A structured approach to threat modeling not only strengthens compliance efforts but also enhances patient safety. The outlined ten best practices provide a clear framework for integrating security into clinical software. These strategies help organizations make the most of limited testing resources by prioritizing high-risk areas [3][4]. Recognizing its importance, the FDA has emphasized threat modeling as a key component in improving medical device cybersecurity, solidifying its role in regulatory compliance and building institutional trust [2].
Healthcare settings face unique challenges that standard security measures often fail to address. As MITRE explains, "Standard security controls can ensure some baseline security capabilities, but they fail to address the myriad of ways that medical devices are used, interface with the healthcare ecosystem, and most important, how security risks could result in unacceptable safety issues" [2]. To navigate this complexity, organizations need systematic frameworks, continuous updates, and collaborative tools to manage the intersection of clinical workflows, connected devices, and sensitive patient data.
Centralized platforms like Censinet RiskOps simplify these efforts by consolidating threat modeling activities. These tools enable healthcare organizations to centralize risk data, automate third-party risk assessments, and maintain continuous visibility across enterprise and third-party risks [24]. Treating threat models as dynamic, ever-evolving documents - updated with each feature release and supported by interdisciplinary teams - helps organizations stay ahead of emerging threats. This approach also aligns with the recommended 90-day mitigation follow-up timeline for addressing identified risks [1].
Healthcare cybersecurity requires more than generic solutions. By adopting these best practices, organizations can ensure stronger security measures and better patient safety, allowing them to deploy clinical applications with greater confidence.
FAQs
What’s the easiest way to start threat modeling in an agile healthcare team?
Start by weaving small, consistent threat modeling tasks into your agile workflow. Begin with building an asset inventory, mapping out data flows, spotting potential threats, and ranking mitigations based on priority. Frameworks like STRIDE can help you tackle risks like spoofing or tampering in a structured way. By integrating these steps into your sprints, you can steadily enhance security without overwhelming your team.

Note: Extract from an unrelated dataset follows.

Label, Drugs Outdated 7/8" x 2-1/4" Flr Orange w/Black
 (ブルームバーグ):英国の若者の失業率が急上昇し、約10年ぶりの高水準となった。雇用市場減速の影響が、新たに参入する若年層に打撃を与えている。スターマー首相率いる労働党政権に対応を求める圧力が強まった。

How do I prioritize threats based on patient safety vs. PHI exposure?
When assessing threats, it's essential to prioritize based on their potential impact. Those that directly jeopardize patient safety - like altering clinical data or causing system outages - should be addressed first since they can immediately affect care delivery. While PHI exposure (e.g., data breaches) is also a major concern, it may rank slightly lower unless the associated regulatory or reputational risks are particularly severe. The key is to concentrate on the threats most likely to harm patients while ensuring compliance with PHI protection standards.
What evidence should we keep to satisfy HIPAA and FDA audits?

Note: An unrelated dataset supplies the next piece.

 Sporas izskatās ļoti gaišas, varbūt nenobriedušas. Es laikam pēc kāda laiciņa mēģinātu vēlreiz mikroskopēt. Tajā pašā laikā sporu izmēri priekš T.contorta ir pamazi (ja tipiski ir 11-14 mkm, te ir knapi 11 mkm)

To comply with HIPAA and FDA audit requirements, it’s essential to keep thorough documentation. This includes risk assessments, audit reports, and proof of implemented security controls. Examples of critical compliance records are §170.315(d)(3) audit reports, risk analysis documentation, and guidance from trusted standards like NIST. These materials not only showcase compliance with regulations but also play a key role in maintaining the security of clinical software.